Data provided:
>>

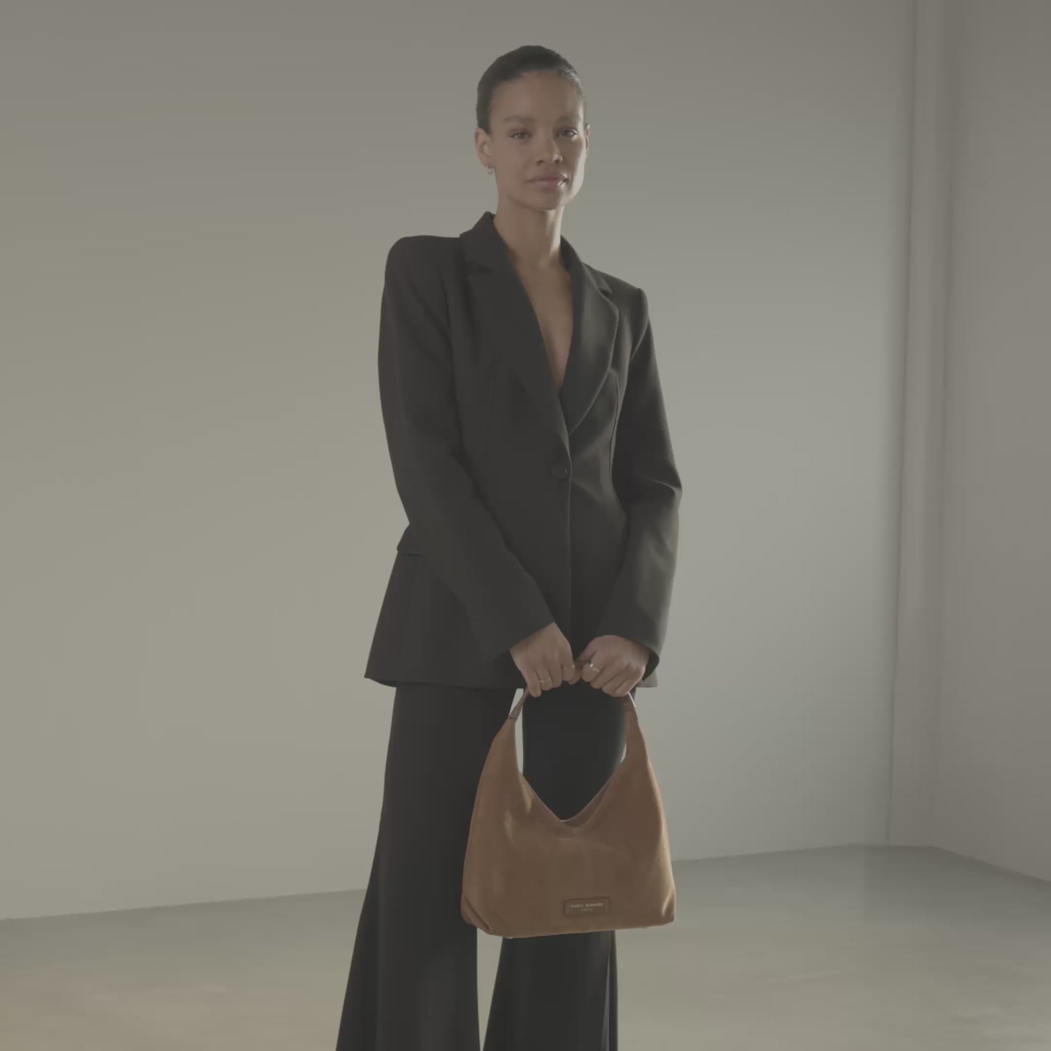 Présentation de la Isabel Bernard Honoré Grace Mini Sac à main en daim marron-Un accessoire compact mais luxueux conçu pour la femme moderne et sophistiquée qui apprécie l'élégance et la praticité.
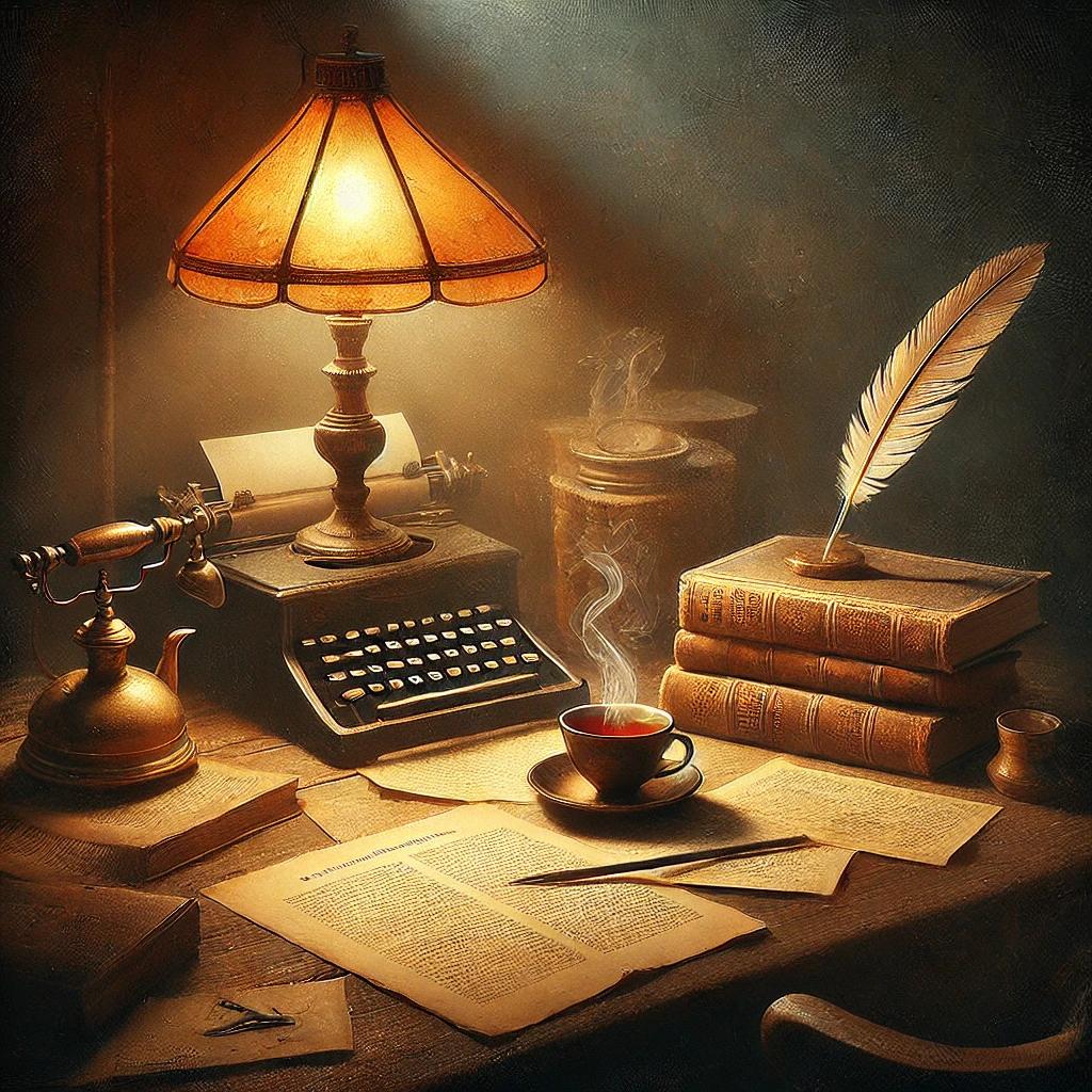 在昏暗的复古书房里,一盏台灯散发着柔和的暖光,照亮了一张古老的木质书桌。书桌上散落着几本泛黄的书籍和一支羽毛笔,旁边是一杯冒着热气的红茶。画面采用油画风格,营造出宁静而怀旧的氛围,仿佛时间在这里静止。
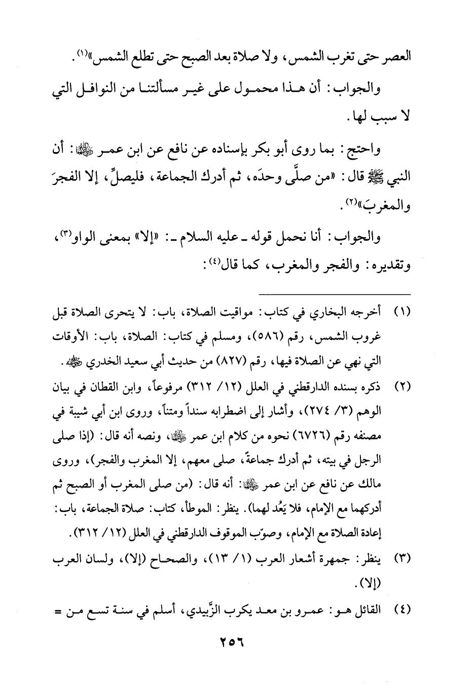 والجواب: أنا نحمل قوله - عليه السلام -: "إلا" بمعنى الواو (¬3)، وتقديره: والفجر والمغرب، كما قال (¬4):
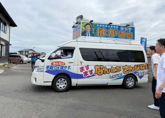 2025年07月12日 7/12(土)参議院選挙10日目。 はが道也、元気に出発。 7/12(土)参議院選挙10日目。 はが道也、元気に出発。 投票日は7/20(日)ですが、ぜひ期日前投票で早めに投票をお願いします。 山形県では、はが道也に「ガソリンを下げる1票」をお願いします❗️ 国民の声、衆議院では通ったガソリン暫定税率廃止法案を潰した 参議院自民党の議席が、増えてしまったら大変です⁉️ 衆議院のように、 国民の声が通る参議院を実現するために、投票に行きましょう。 大激戦、厳しい闘いです。 お力をお貸しください。

<<

The problem:
Both the line containing "在昏暗的复古书房里,一盏台灯" and the last line of the listing above belong in the copy, along with every line between them; retype them exactly and omit the pictures.

Exercise solution:
 在昏暗的复古书房里,一盏台灯散发着柔和的暖光,照亮了一张古老的木质书桌。书桌上散落着几本泛黄的书籍和一支羽毛笔,旁边是一杯冒着热气的红茶。画面采用油画风格,营造出宁静而怀旧的氛围,仿佛时间在这里静止。
 والجواب: أنا نحمل قوله - عليه السلام -: "إلا" بمعنى الواو (¬3)، وتقديره: والفجر والمغرب، كما قال (¬4):
 2025年07月12日 7/12(土)参議院選挙10日目。 はが道也、元気に出発。 7/12(土)参議院選挙10日目。 はが道也、元気に出発。 投票日は7/20(日)ですが、ぜひ期日前投票で早めに投票をお願いします。 山形県では、はが道也に「ガソリンを下げる1票」をお願いします❗️ 国民の声、衆議院では通ったガソリン暫定税率廃止法案を潰した 参議院自民党の議席が、増えてしまったら大変です⁉️ 衆議院のように、 国民の声が通る参議院を実現するために、投票に行きましょう。 大激戦、厳しい闘いです。 お力をお貸しください。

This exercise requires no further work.